§ Work order
Every record that follows should be written out word for word; the pictures stay out.

Extracted data entries
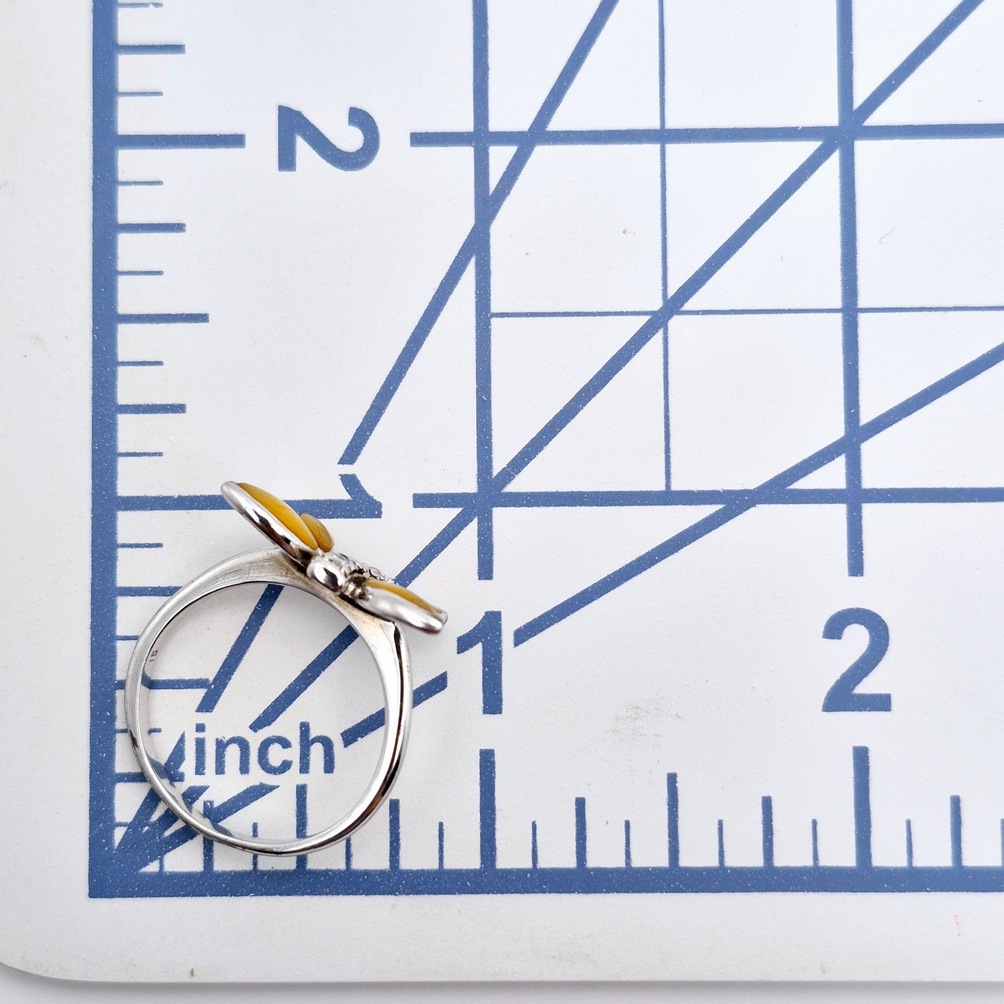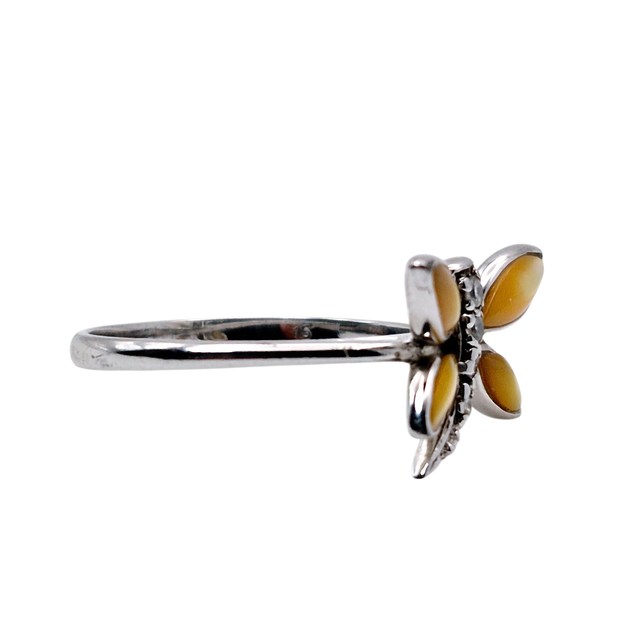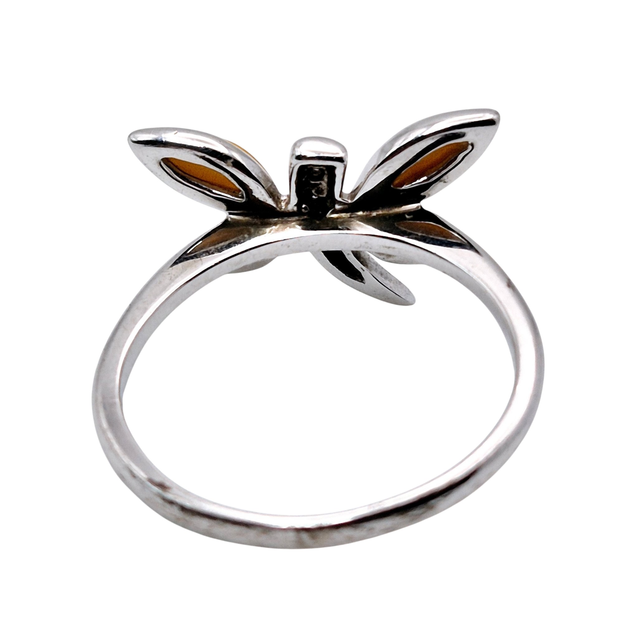 Sterling mother of pearl dragonfly ring size 7 2.2 G
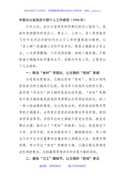 / 市委办公室党员干部个人工作感悟(1596字)
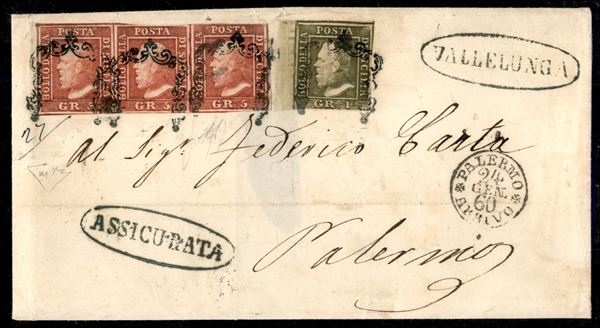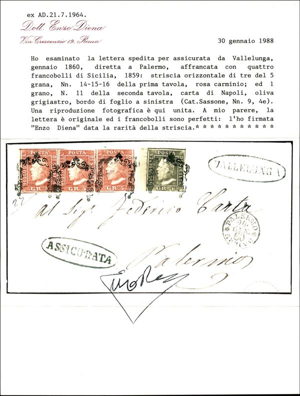 Lettera assicurata da VALLELUNGA per Palermo 24 gen.60 affrancata con striscia orizzontale di tre gr.5 rosa carminio (pos 14, 15, 16) + gr.1 oliva grigiastro, seconda tavola con ampio bordo di foglio a sinistra (4e + 9), affrancatura da 16 grana, insieme di qualità, cert. E.Diena
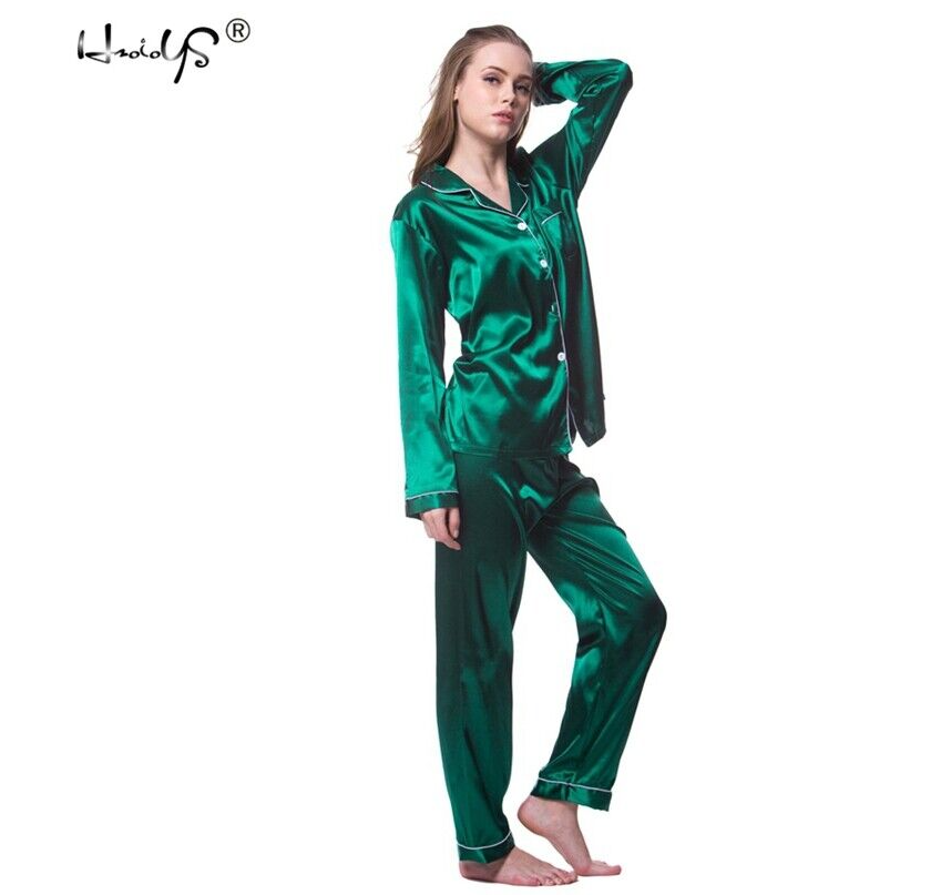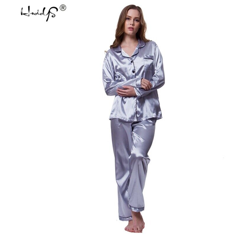 Women's Satin Pajama Set Classic Button Down Loungewear Long Sleeve Sleepwear Pj
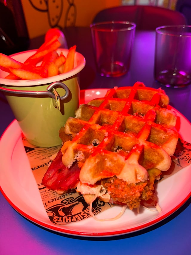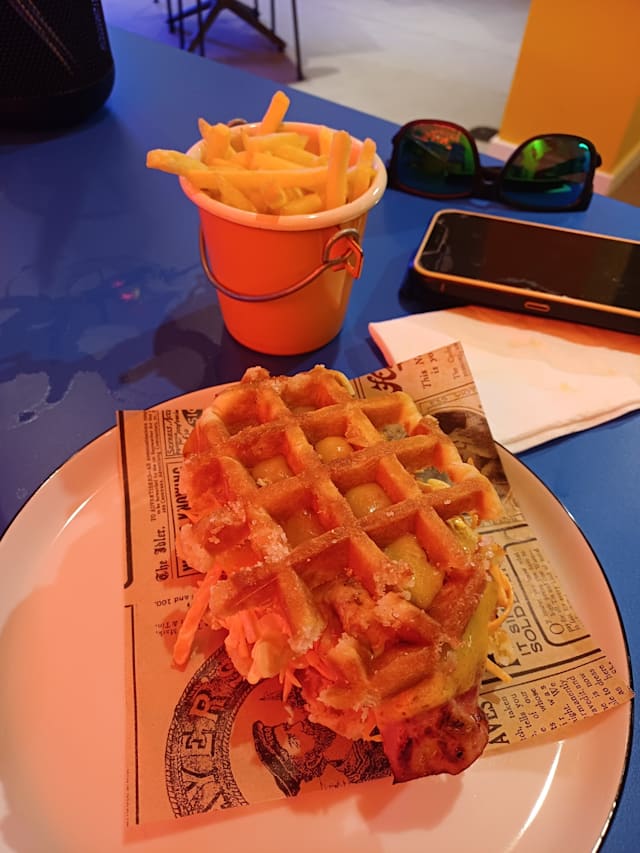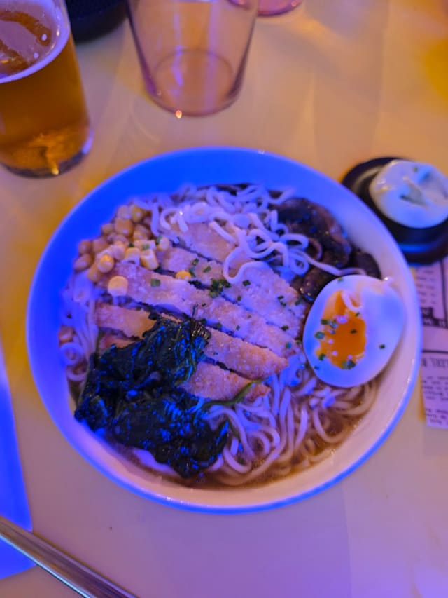 3.5/10The restaurant was completely empty when we walked in, but we trusted the great online reviews. The interior setting was nice, but the air conditioning was way too strong, making the wait quite uncomfortable. All the food arrived after an hour: we had ordered 3 ramen, 2 burgers and a cutlet. Unfortunately, they could only prepare one regular burger because they didn’t have enough ingredients; for the second one, they suggested a waffle burger, which didn’t convince us. The cutlet was good, the ramen was decent, while the chicken legs were quite unusual, with the breading not sticking and slipping off. On top of that, the prices are quite high compared to the quality and the portions, which are not generous.

§ Your solution
 Sterling mother of pearl dragonfly ring size 7 2.2 G
 / 市委办公室党员干部个人工作感悟(1596字)
 Lettera assicurata da VALLELUNGA per Palermo 24 gen.60 affrancata con striscia orizzontale di tre gr.5 rosa carminio (pos 14, 15, 16) + gr.1 oliva grigiastro, seconda tavola con ampio bordo di foglio a sinistra (4e + 9), affrancatura da 16 grana, insieme di qualità, cert. E.Diena
 Women's Satin Pajama Set Classic Button Down Loungewear Long Sleeve Sleepwear Pj
 3.5/10The restaurant was completely empty when we walked in, but we trusted the great online reviews. The interior setting was nice, but the air conditioning was way too strong, making the wait quite uncomfortable. All the food arrived after an hour: we had ordered 3 ramen, 2 burgers and a cutlet. Unfortunately, they could only prepare one regular burger because they didn’t have enough ingredients; for the second one, they suggested a waffle burger, which didn’t convince us. The cutlet was good, the ramen was decent, while the chicken legs were quite unusual, with the breading not sticking and slipping off. On top of that, the prices are quite high compared to the quality and the portions, which are not generous.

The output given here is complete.